这里虽然看不见人的影子,但时不时有车辆驶过,打车应该不难。
她冷哼一声,怪声怪气道:
“江总日理万机,还是快去忙三亿的项目吧,把我放在这里就行。”
本以为会像之前无数次争吵那样,江渡干脆利落让她下车,然后快速开车离开。
谁知他忽地扯住她手腕,语气是从未有过的认真,
“姜芜。
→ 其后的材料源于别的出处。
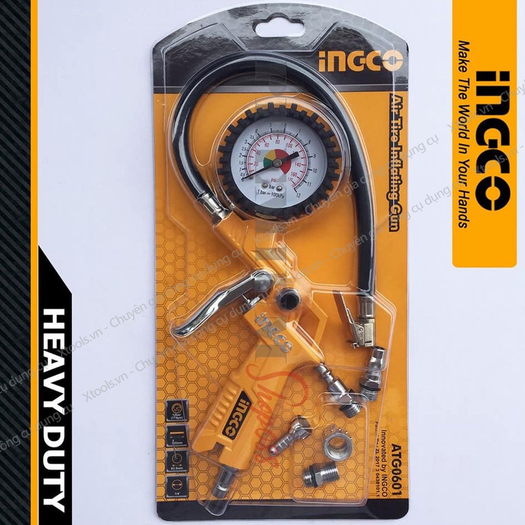 Súng bơm hơi tích hợp đồng hồ đo áp suất khí INGCO ATG0601 12bar bơm nén khí lốp xe đạp xe máy xe hơi hồ bơi nệm hơi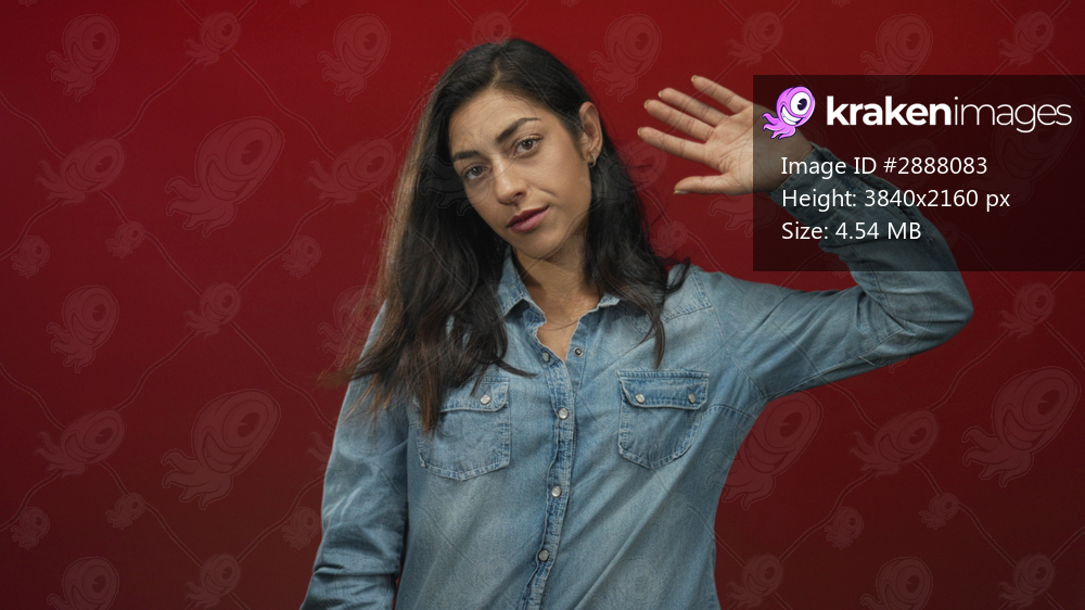 Woman waves hand in red studio wearing denim shirt and looking at camera in a casual waist up pose; farewell calm.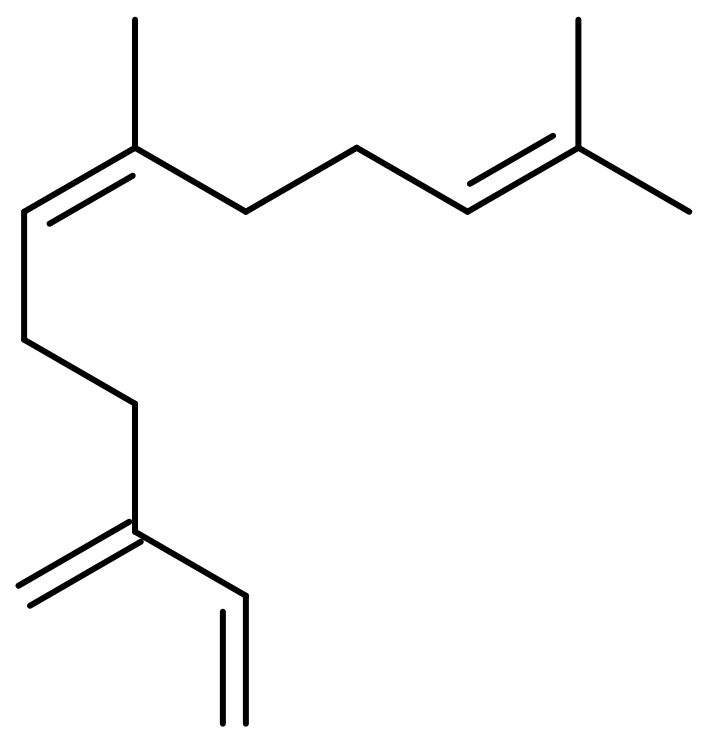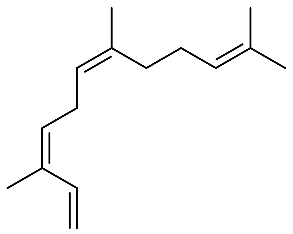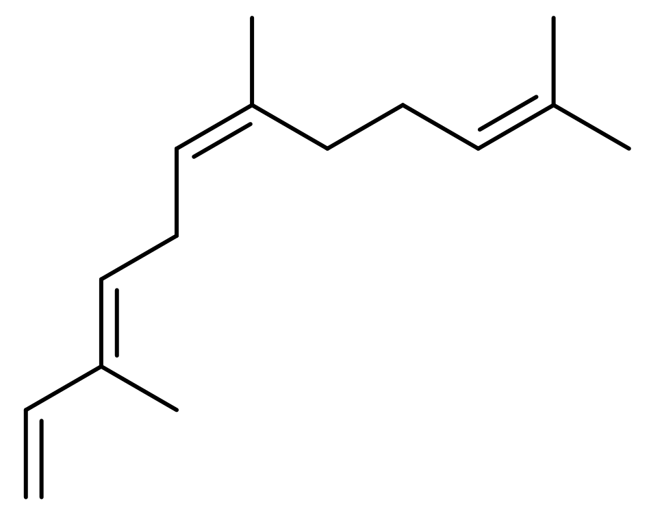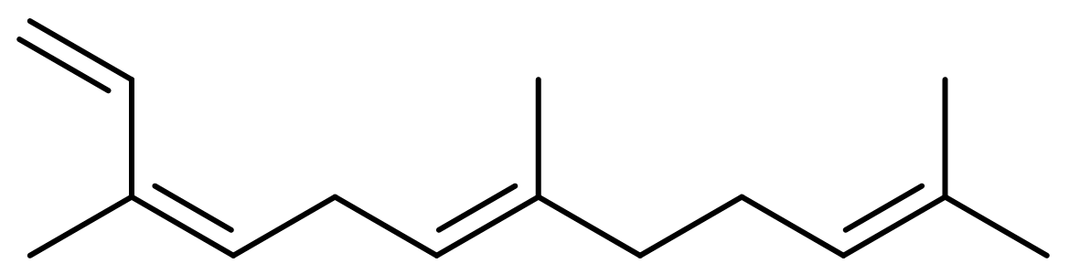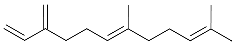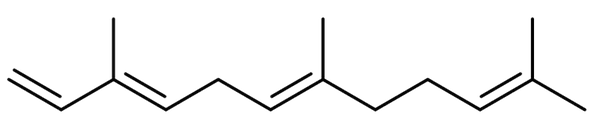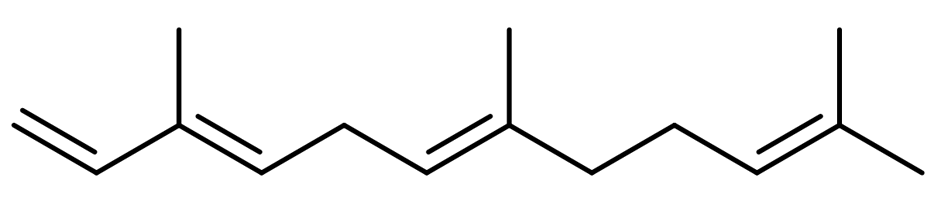 α: 3,7,11-триметил-1,3,6,10-додекатетраен β:7,11-диметил-3-метилен-1,6,10-додекатетраен |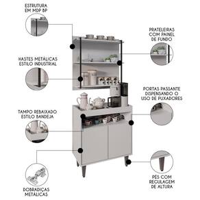Remetendo ao estilo industrial, essa prateleira com painel é sinônimo de resistência e durabilidade, ao passo que o design moderno torna o uso versátil, já que podem ser aproveitada não somente como complemento na cozinha, mas também como prateleira decorativa em diversos ambientes. Além disso, quando combinada com o aparador, a funcionalidade é otimizada. Isso porque esse balcão tem muitas faces, podendo ser adequado como apoio para louças na cozinha, como buffet compacto na sala de jantar ou até mesmo como balcão cantinho do café na sala de estar ou escritório; afinal, proporciona não somente armazenamento prático e organizado, como também toque de aconchego ao ambiente, seja ele qual for.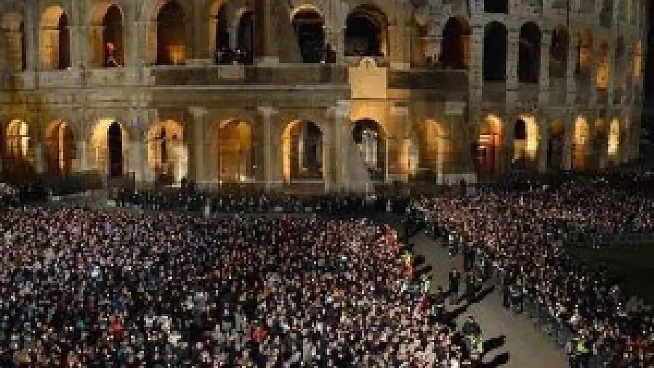 Roma'nın tarihi simgelerinden birinin önünde yapılan ayini, farklı milletlerden binlerce kişi takip ederken, Avrupa’da son dönem yaşanan terör olayları nedeniyle bu yılki katılımın önceki yıllara göre düşük olduğu gözlendi. Etkinlik öncesi Kolezyum ve çevresinde yoğun güvenlik önlemleri gözlenirken, ayine katılanlar üç ayrı sıkı aramadan geçirilerek alana alındı.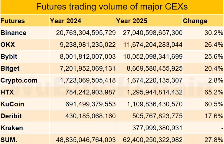 В 2025 году объем торгов деривативами на основных биржах увеличился на 27,8% по сравнению с 2024 годом, с $48,8 трлн до $62,4 трлн. Лидировали Binance, OKX и Bybit.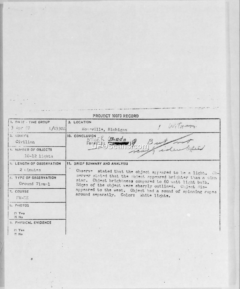 Project 10073 Record — Roseville, Michigan, 3 April 1967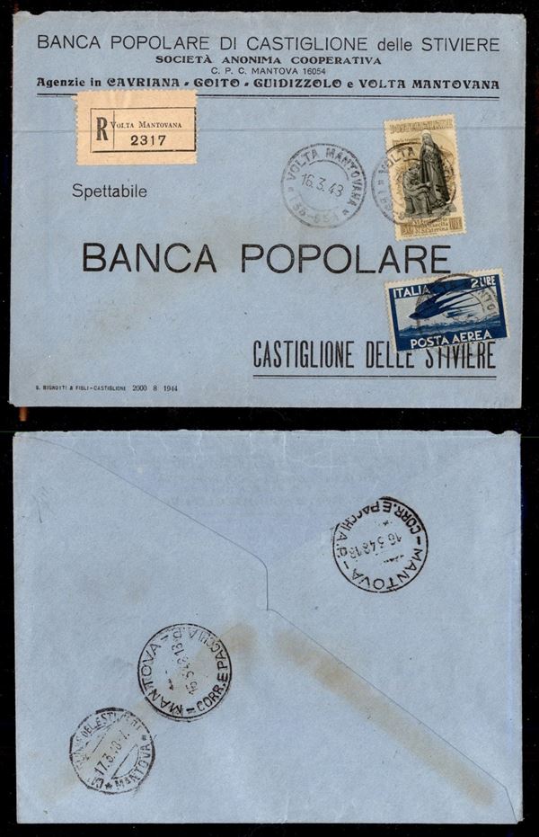 30 cent S. Caterina (577) + complementare (127 - Aerea) su raccomandata da Mantova a Castiglione del 16.3.48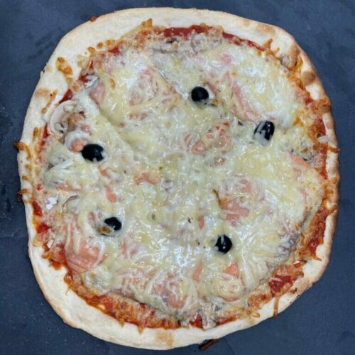 Tomate, fromage, origan, champignons, olive, saumon, crème fraîche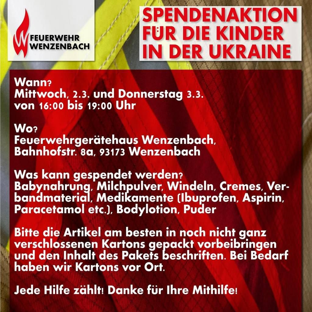 Die gegenwärtige Krise in der Ukraine veranlasste den RKT Rettungsdienst e.V, den RKT Rettungsdienst OHG, der A.i.B. Hero GmbH und der Alfred Böhm Spedition zu einer aussergewöhnlichen Aktion, an der sich u.a. auch die Feuerwehr Wenzenbach beteiligte.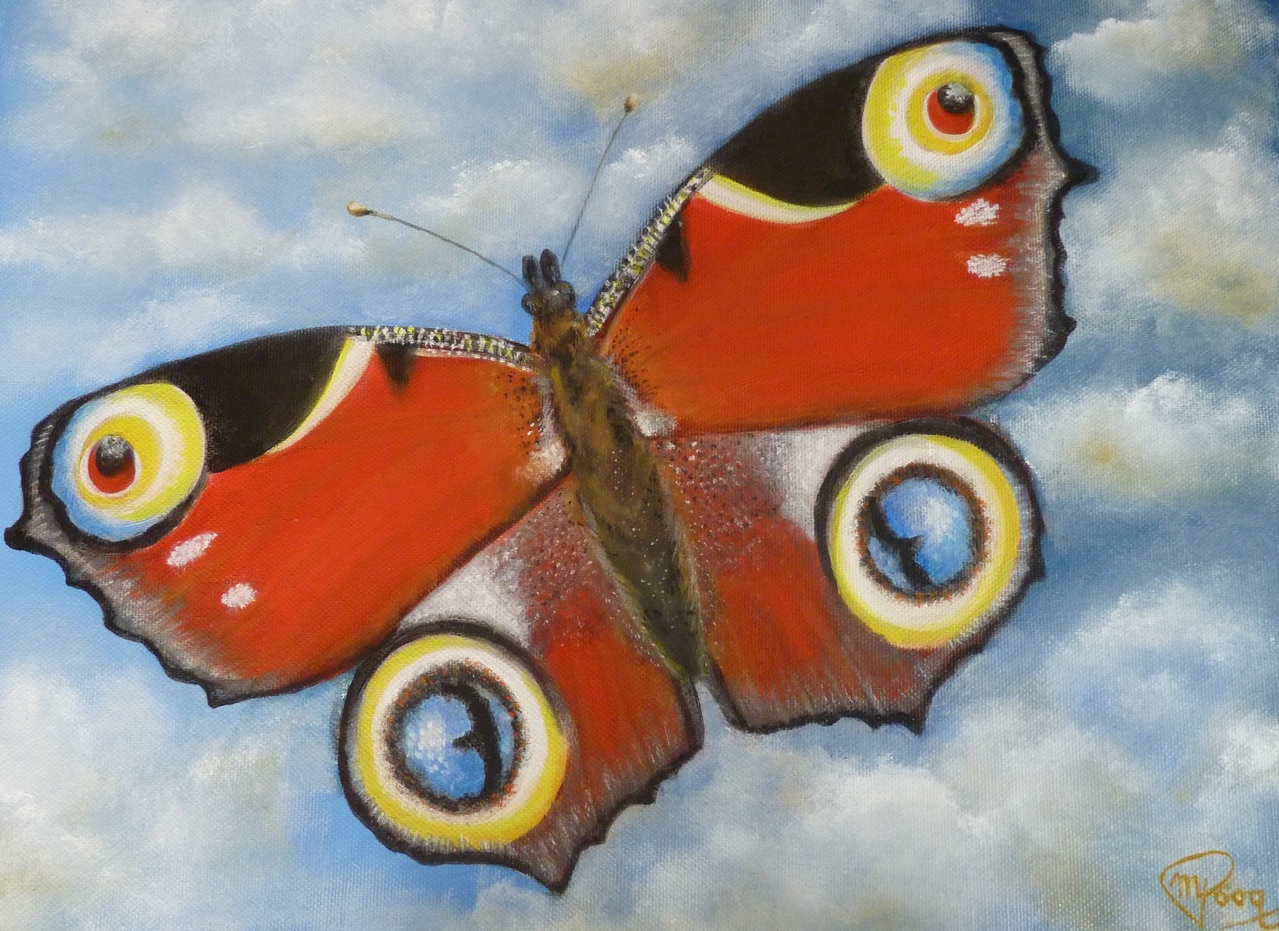 Een rode vlinder tegen een wolkenlucht.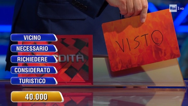 Come da regolamento, la campionessa ha avuto sessanta secondi per riflettere e trovare la soluzione corretta. Allo scadere del tempo, Giulia ha scritto sul cartoncino la parola “Visto”. Una scelta che si è rivelata corretta, permettendole di vincere l’intero montepremi in palio.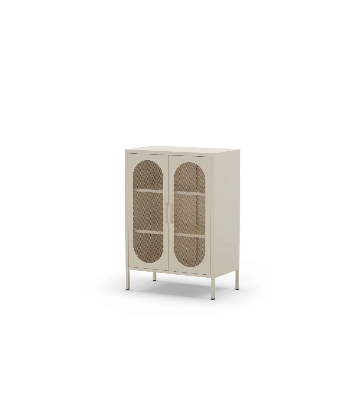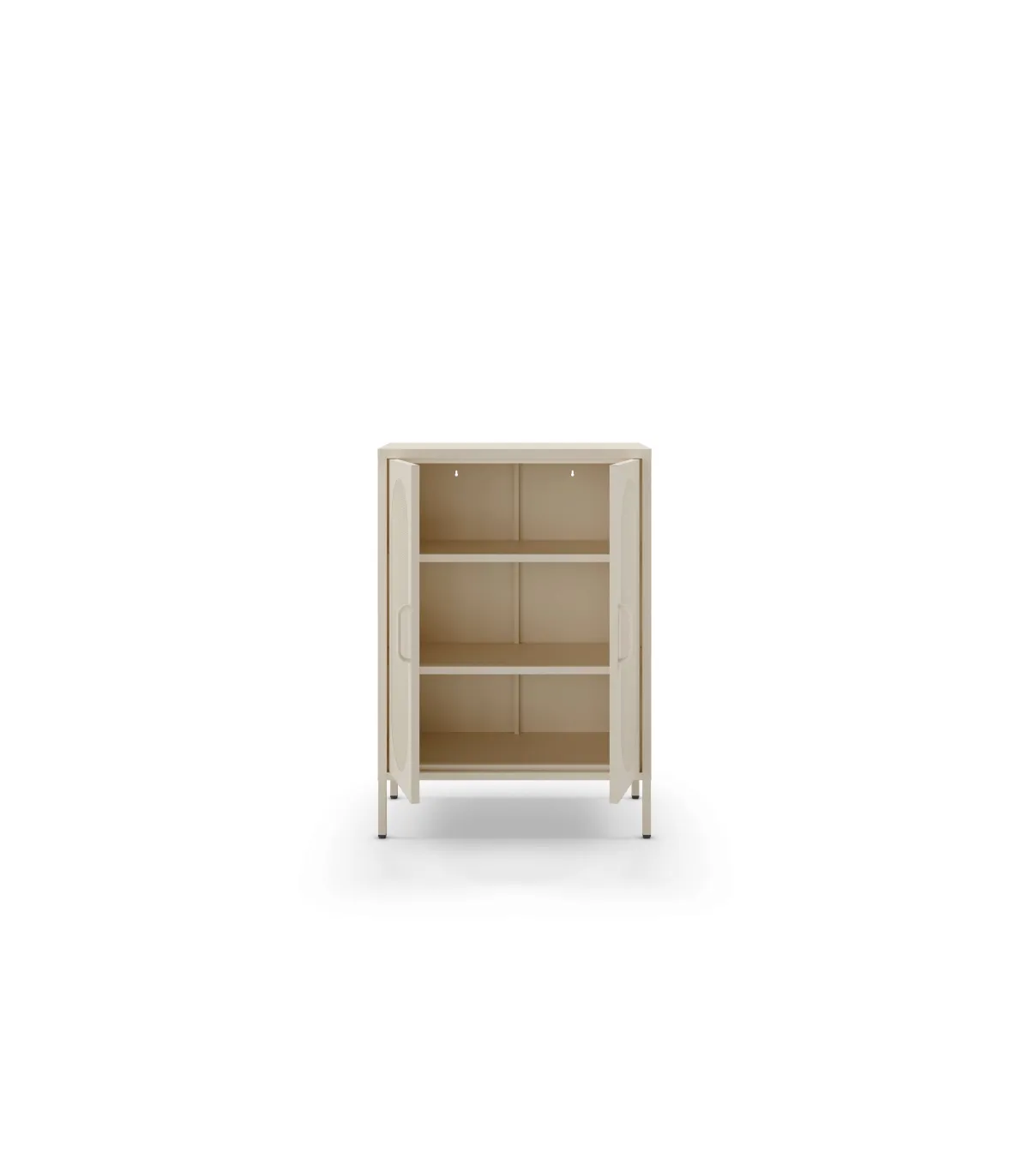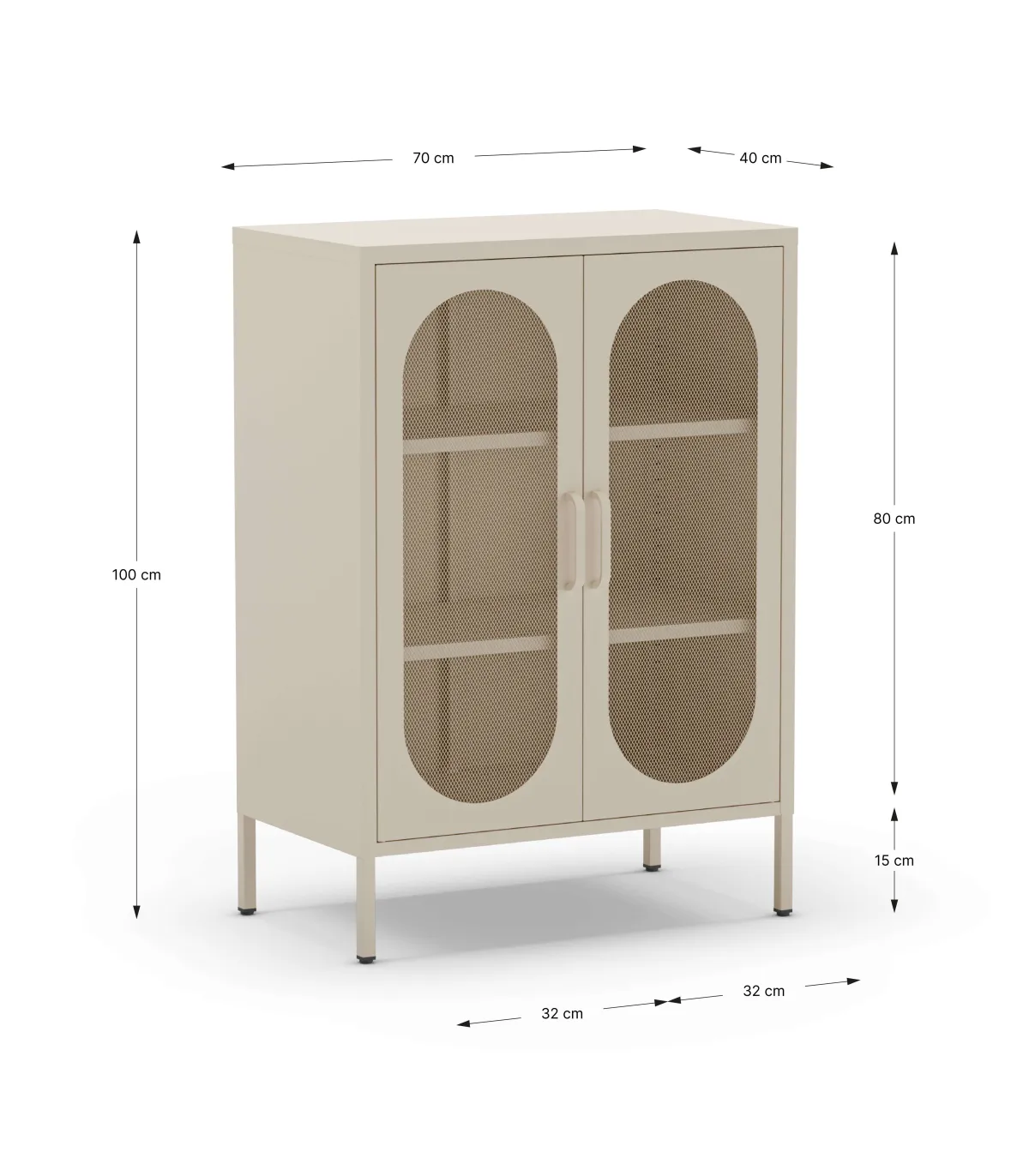 El mueble auxiliar Dora es la solución ideal para organizar tu espacio con estilo. Su diseño versátil con 2 puertas abatibles y dos estantes permite un almacenamiento eficiente, mientras que su acabado en metal crema le otorga un toque moderno e industrial.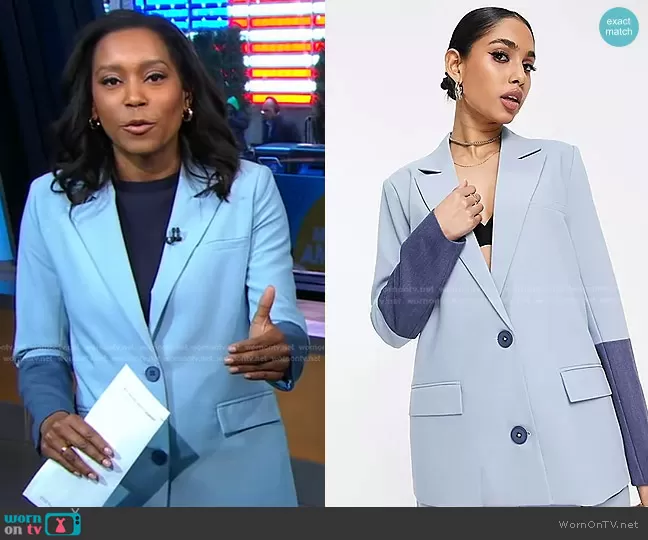 Rachel Scott on Good Morning America on ABC was spotted wearing this blue colorblock blazer and pants on Good Morning America on Apr 12 2023's episode. Rachel's Jacket is the Tailored Suit Jacket in color block blue by 4th & Reckless . Rachel's Pants is the Tailored Pants in color block blue by 4th & Reckless.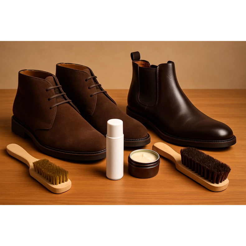 Cipőszínű krém vagy paszta, lószőrkefe, cédrus cipőfák minden viselet után.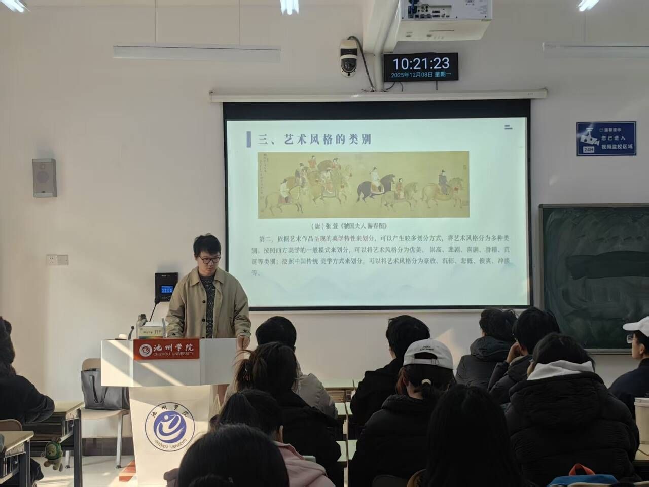 12月15日下午,文学与传媒学院广告学系教师毕非易在公共教学楼南507教室开展《艺术学概论》课程思政示范公开课,广告学系教师到场观摩。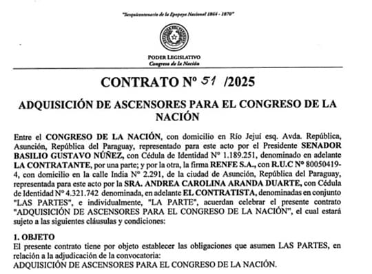 El Congreso Nacional adjudicó la provisión de siete ascensores por más de G. 3.300 millones a la empresa Renfe SA, pese a que su oferta no fue la más económica y a que la firma arrastra antecedentes administrativos y judiciales relevantes. La adjudicación fue resuelta el 20 de noviembre y el contrato se firmó ocho días después, según documentos oficiales.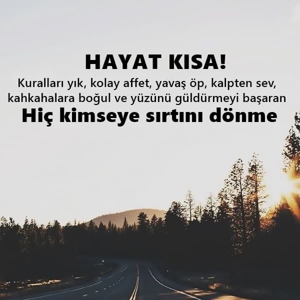 Hayat kısa. Kuralları yık, kolay affet, yavaşça öp, kalpten sev ve yüzünü güldürmeyi başaran hiç bir şeye sırtını dönme.

”
他唤她的名字,
“其实我来找你......”
就在这时,刺眼的白光忽然撞进来。
一瞬间天地失声,只有轮胎摩擦地面的尖啸刺进耳膜。
她还没来得及转头,身体已经被一股力道狠狠箍住。
江渡的手臂正死死扣着她的头,把她往怀里按。
她的脸被迫贴着他的胸膛,隔着衬衫,听见他又重又快的心跳声,像要撞破胸腔。
他不断收紧手臂,用力得像是要把她揉进骨头里。
一阵天旋地转。黑暗从四面八方涌过来,把她的意识一点一点往下拽。
她最后看见的,是江渡垂下来的手。
——
再睁眼,入目皆是黑白灰。
什么鬼?她死了吗?这是她的棺材吗?
姜芜盯着那片白晃晃的棺材板,脑子里冒出的第一个念头是:
她明明交代过,她的棺材要粉色的,前面印着helloKitty的那种。
爸爸妈妈当时也点了头的,哥哥还打趣说她幼稚。
结果就给她这个?
好歹她也给他们姜家当了二十多年女儿,死后连个自己喜欢的棺材都得不到?
她真的要闹了!
正准备飘出棺材,去灵堂大闹一场时,姜芜忽然发现不对劲——
诶,这个棺材顶居然有灯!
她眨了眨眼,微微转头环顾四周。
灯,窗帘,玻璃展示柜摆满了高达......
这不是棺材,是房间。
她不是出车祸死了吗?
怎么会躺在陌生的房间里?
姜芜刚要起身一探究竟,门外传来敲门声,一道中年男人恭恭敬敬的声音在耳边响起:
“少爷,早餐已经准备好了。”
少爷?
姜芜愣住。
那个男人喊她少爷是什么意思?
怎么声音那么熟悉,像是江家管家张叔。